■ Provided entries:
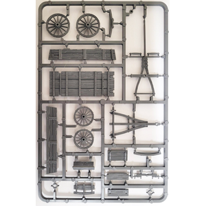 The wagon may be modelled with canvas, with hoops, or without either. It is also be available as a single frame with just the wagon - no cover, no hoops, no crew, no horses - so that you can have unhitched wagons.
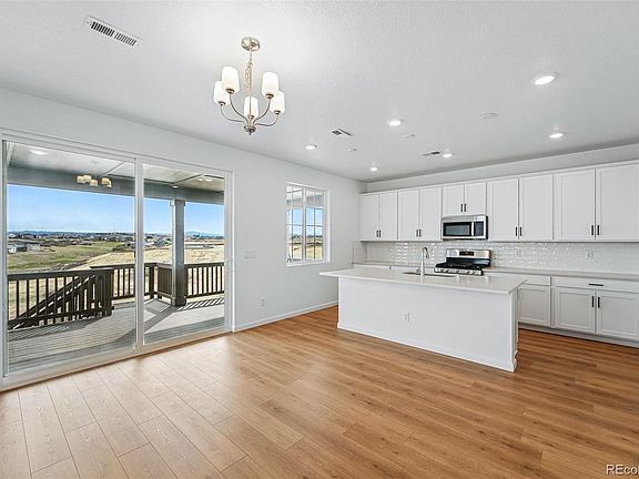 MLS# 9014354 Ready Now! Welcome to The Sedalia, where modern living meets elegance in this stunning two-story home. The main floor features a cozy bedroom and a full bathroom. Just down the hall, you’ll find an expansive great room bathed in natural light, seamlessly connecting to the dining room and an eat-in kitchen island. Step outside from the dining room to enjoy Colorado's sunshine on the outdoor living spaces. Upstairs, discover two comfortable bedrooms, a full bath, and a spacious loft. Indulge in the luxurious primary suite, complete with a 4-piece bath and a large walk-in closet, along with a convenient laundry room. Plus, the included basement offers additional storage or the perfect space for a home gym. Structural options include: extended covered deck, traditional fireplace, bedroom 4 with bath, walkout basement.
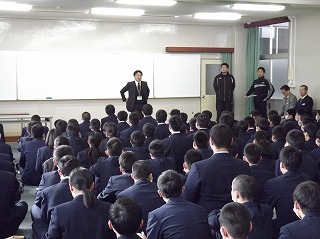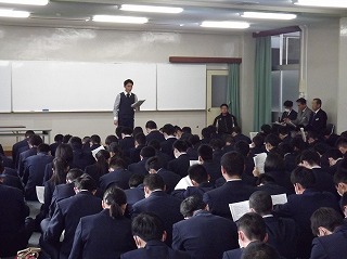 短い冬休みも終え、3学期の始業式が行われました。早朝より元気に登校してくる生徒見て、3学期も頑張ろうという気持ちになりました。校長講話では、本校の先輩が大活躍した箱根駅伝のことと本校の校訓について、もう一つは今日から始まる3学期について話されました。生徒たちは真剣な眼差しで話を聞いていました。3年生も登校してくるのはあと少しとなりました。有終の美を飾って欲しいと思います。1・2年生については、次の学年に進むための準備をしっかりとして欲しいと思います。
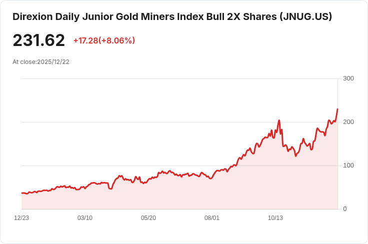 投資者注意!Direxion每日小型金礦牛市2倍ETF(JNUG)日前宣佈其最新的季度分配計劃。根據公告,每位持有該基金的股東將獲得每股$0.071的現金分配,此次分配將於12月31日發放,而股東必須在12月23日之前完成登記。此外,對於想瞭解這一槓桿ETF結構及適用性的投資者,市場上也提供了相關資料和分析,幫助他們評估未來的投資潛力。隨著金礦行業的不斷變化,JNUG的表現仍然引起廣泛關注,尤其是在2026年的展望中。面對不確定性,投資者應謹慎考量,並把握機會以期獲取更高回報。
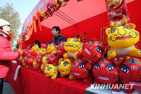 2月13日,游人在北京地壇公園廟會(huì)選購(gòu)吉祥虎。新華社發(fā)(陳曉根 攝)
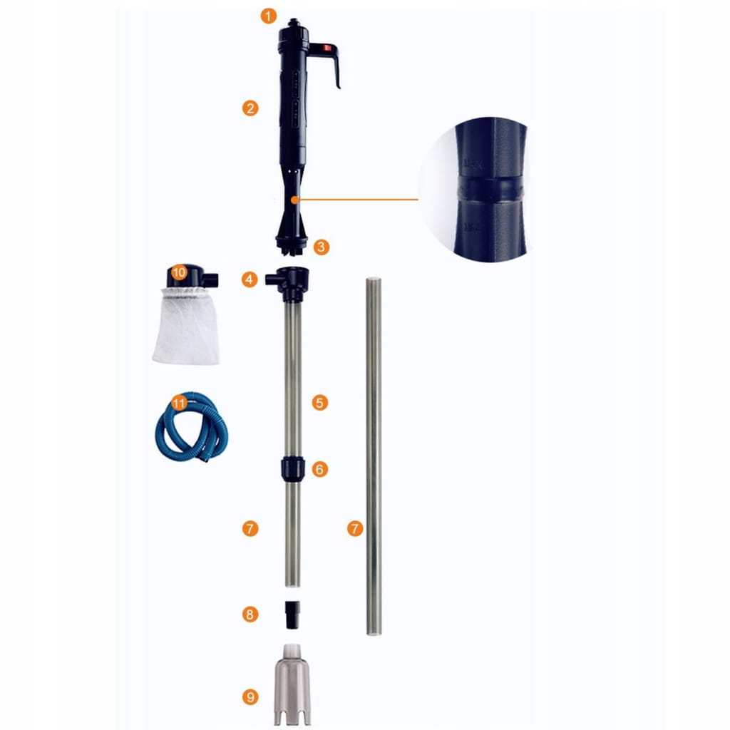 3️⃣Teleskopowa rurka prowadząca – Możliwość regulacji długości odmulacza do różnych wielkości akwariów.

■ What you will do: Each line above should be output exactly, apart from the pictures.

■ Answer to the problem:
 The wagon may be modelled with canvas, with hoops, or without either. It is also be available as a single frame with just the wagon - no cover, no hoops, no crew, no horses - so that you can have unhitched wagons.
 MLS# 9014354 Ready Now! Welcome to The Sedalia, where modern living meets elegance in this stunning two-story home. The main floor features a cozy bedroom and a full bathroom. Just down the hall, you’ll find an expansive great room bathed in natural light, seamlessly connecting to the dining room and an eat-in kitchen island. Step outside from the dining room to enjoy Colorado's sunshine on the outdoor living spaces. Upstairs, discover two comfortable bedrooms, a full bath, and a spacious loft. Indulge in the luxurious primary suite, complete with a 4-piece bath and a large walk-in closet, along with a convenient laundry room. Plus, the included basement offers additional storage or the perfect space for a home gym. Structural options include: extended covered deck, traditional fireplace, bedroom 4 with bath, walkout basement.
 短い冬休みも終え、3学期の始業式が行われました。早朝より元気に登校してくる生徒見て、3学期も頑張ろうという気持ちになりました。校長講話では、本校の先輩が大活躍した箱根駅伝のことと本校の校訓について、もう一つは今日から始まる3学期について話されました。生徒たちは真剣な眼差しで話を聞いていました。3年生も登校してくるのはあと少しとなりました。有終の美を飾って欲しいと思います。1・2年生については、次の学年に進むための準備をしっかりとして欲しいと思います。
 投資者注意!Direxion每日小型金礦牛市2倍ETF(JNUG)日前宣佈其最新的季度分配計劃。根據公告,每位持有該基金的股東將獲得每股$0.071的現金分配,此次分配將於12月31日發放,而股東必須在12月23日之前完成登記。此外,對於想瞭解這一槓桿ETF結構及適用性的投資者,市場上也提供了相關資料和分析,幫助他們評估未來的投資潛力。隨著金礦行業的不斷變化,JNUG的表現仍然引起廣泛關注,尤其是在2026年的展望中。面對不確定性,投資者應謹慎考量,並把握機會以期獲取更高回報。
 2月13日,游人在北京地壇公園廟會(huì)選購(gòu)吉祥虎。新華社發(fā)(陳曉根 攝)
 3️⃣Teleskopowa rurka prowadząca – Możliwość regulacji długości odmulacza do różnych wielkości akwariów.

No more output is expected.